Stone could hardly bear to look at the entire assemblage all staring at him. One of the dogs jumped up to be petted but tumbled
back to the ground, hardly able to get up the energy. It fell over on its three working legs, the fourth a shriveled up little
leathery thing, and squirmed around the ground pushing itself in a circle but unable to quite rise. Stone closed his eyes
for a second and then opened them and started forward. He didn’t look back.

As he drove along he saw others as well. The region was actually quite well-populated considering he hadn’t seen a soul for
about a hundred miles. And they all had the same radioactive afflictions covering their bodies. Shacks along the roadway were
selling all sorts of things—foods, skins, artifacts from the past. And all of them were burnt and half destroyed—pelts hanging
on a wall were actually burned through with holes in some places. Yet people were buying the stuff. To this crew it was all
normal. A whole society based on the acceptance of radioactivity in everything, even themselves.

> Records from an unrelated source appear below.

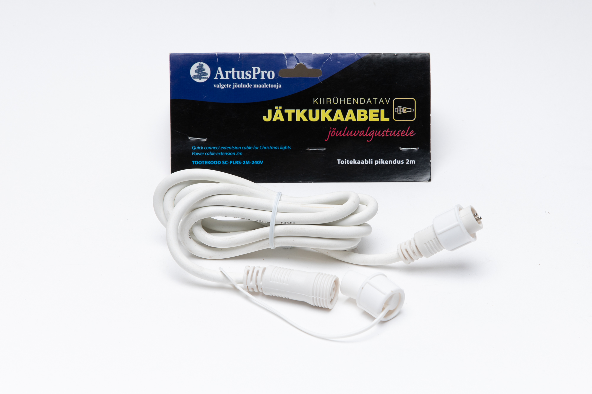 2-meetri pikkune kiirühendusega toitejuhtme pikenduskaabel, mida kasutatakse valgusketi ja toitejuhtme vahelise vahemaa suurendamiseks. Valge kaabel sobib visuaalselt heledate fassaadide ja valgete valgusketi süsteemidega. Ühildub ArtusPro jätkatavate jõuluvalgustitega ning sobib kasutamiseks nii sise- kui välitingimustes.
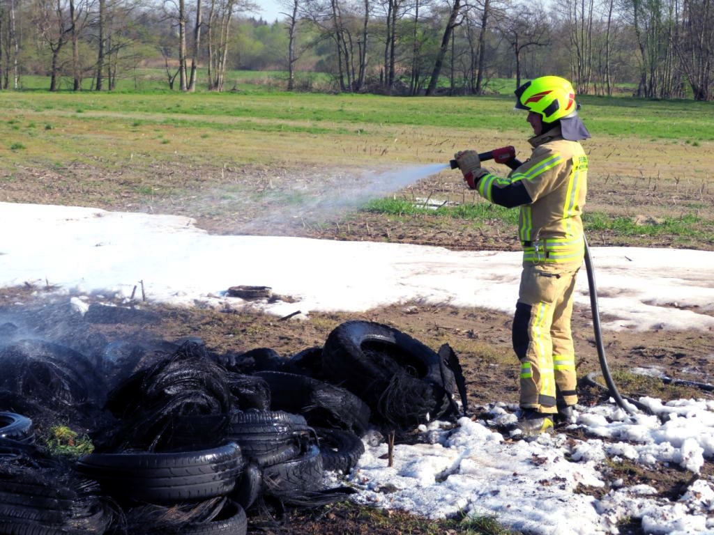 Dies führte offenbar nicht zum gewünschten Erfolg, denn um 8:53 Uhr am Karfreitag wurden die Bergener Kameradinnen und Kameraden erneut nach Jiggel alarmiert. Der betroffene Landwirt unterstützte die Feuerwehr mit seinem Trecker. Gemeinsam gelang es, die brennenden Autoreifen auseinander zu ziehen und die verbliebenen Brandstellen und Glutnester mir reichlich Wasser abzulöschen. Der Dank der Feuerwehren gilt besonders dem Landwirt, der uns schnell und unkompliziert mit seinem Trecker unterstützte.
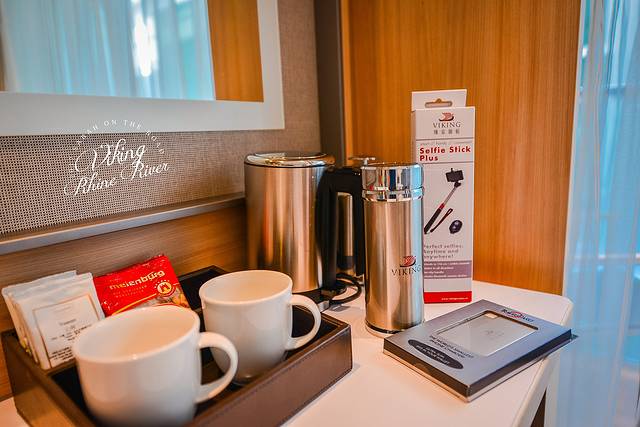 房间里,维京游轮准备了给每个客人一个保温杯,自拍杆和移动电源。
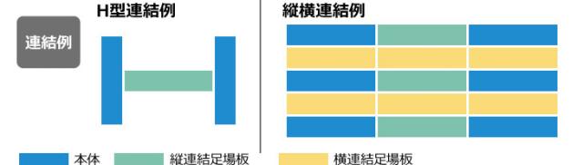 本体:DWJ-150 連結足場板:DWJ-STA150(縦連結用)、DWJ-STB150(横連結用)
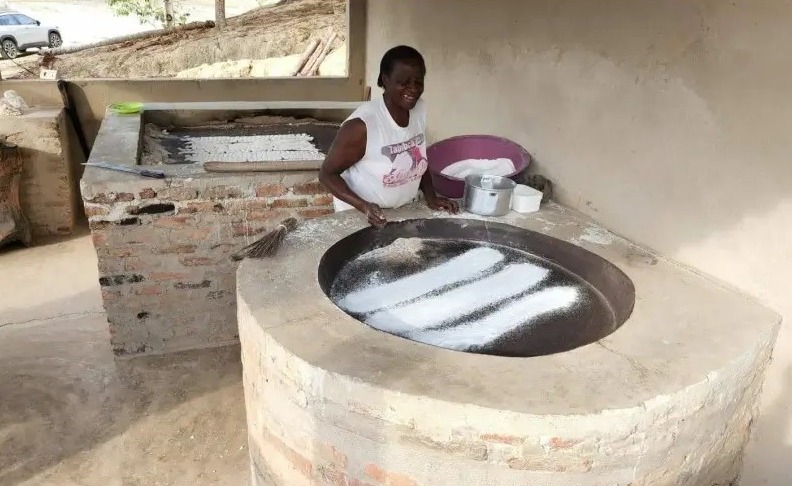 PRODUÇÃO – Todas as etapas do processo produtivo do beiju são realizadas pelas comunidades quilombolas – desde a preparação do terreno para o plantio da mandioca até a finalização do alimento, que pode ser enriquecido com outros produtos, como coco e amendoim. Após 12 meses de cultivo do tubérculo, o produto é direcionado à casa de farinha, ou quitungo (como o espaço é chamado) para ser descascado e ralado.
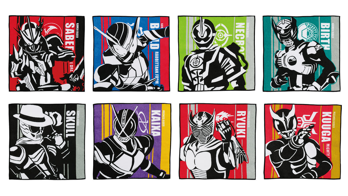 C賞は、各「仮面ライダー」のイメージカラーで彩られたハンドタオル。
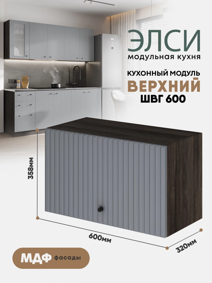 Кухонный навесной модуль (антресоль) "Элси" ШВГ 600 Ликата
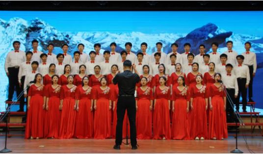 三实验高中合唱团身穿演出服,齐声合唱《天路》,他们的声音汇聚成一股洪流,涌向舞台的各个角落,又扩散开来,将这首经典之作演绎的深情而激昂,赢得了在场观众的热烈掌声。
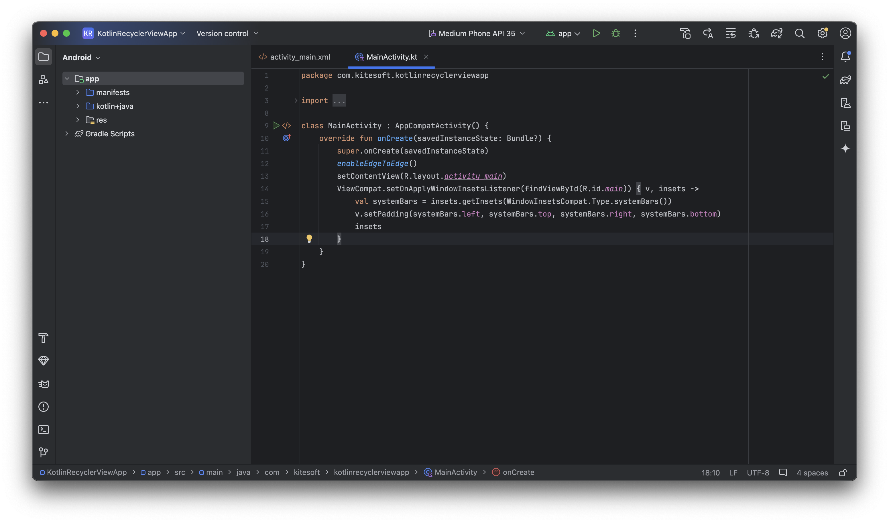 이번 예제에서는 코틀린을 이용한 앱 개발 코드에 집중하기 위해 EdgeToEdge 관련 코드는 모두 제거하고 액티비티가 보여줄 뷰를 설정하는 setContentView()만 남겨두고 설명을 이어가겠습니다.

Stone wondered what happened to them when they died as he didn’t see a single body lying around anywhere. With this bunch
one would think death would be an hourly occurrence. But as he drove on past three more craters about five miles apart he
came upon a line of several dozen of the dying. They were marching along slowly as if they had all the time in the world—which
they didn’t, seeing how they were rotting as they walked. These were even worse off than the ones he’d already passed, skin
hanging off bone, faces dissolved down to the skeletal core. Drops of red and brown dripped from tears in their clothes, which
were numerous. They had their arms atop the shoulders of the one in front of them like the blind leading the radioactive blind.
And some clearly were without their sight anymore, with sockets filled with pink and black custard.

They took not the slightest heed of Stone as he drove slowly by them. The leader of the group looked the most diseased of
all with no face whatsoever, just a mass of raw flesh and some holes where a mouth and nose and ears should be. Yet he led
them forward with purpose, one shrunken leg slamming down, then the next. Stone gulped and turned away from the face which
did not deign to look toward him. They were of two different worlds, heading in different directions.

Stone wondered just where the hell these guys were in such a mind to get to, but as he drove ahead about two miles he saw
where they were going: to their burial ground. This was the field alongside the road where their ancestors had already marched
the same trek. The dead fields on which not a thing grew were filled with bones and still-rotting corpses. There must have
been hundreds of them, with their bones spread out for an acre or more. Some of the skeletons were in the shadows of the rocks
that rose here and there, and Stone could see in the dimness that they glowed. The place must have been a sight at night,
with all the remains glowing up a storm. A man could open an amusement park, or a restaurant across the road. The Eat By The
Light of the Radioactive Dead Chow House. He wondered if he was cracking up.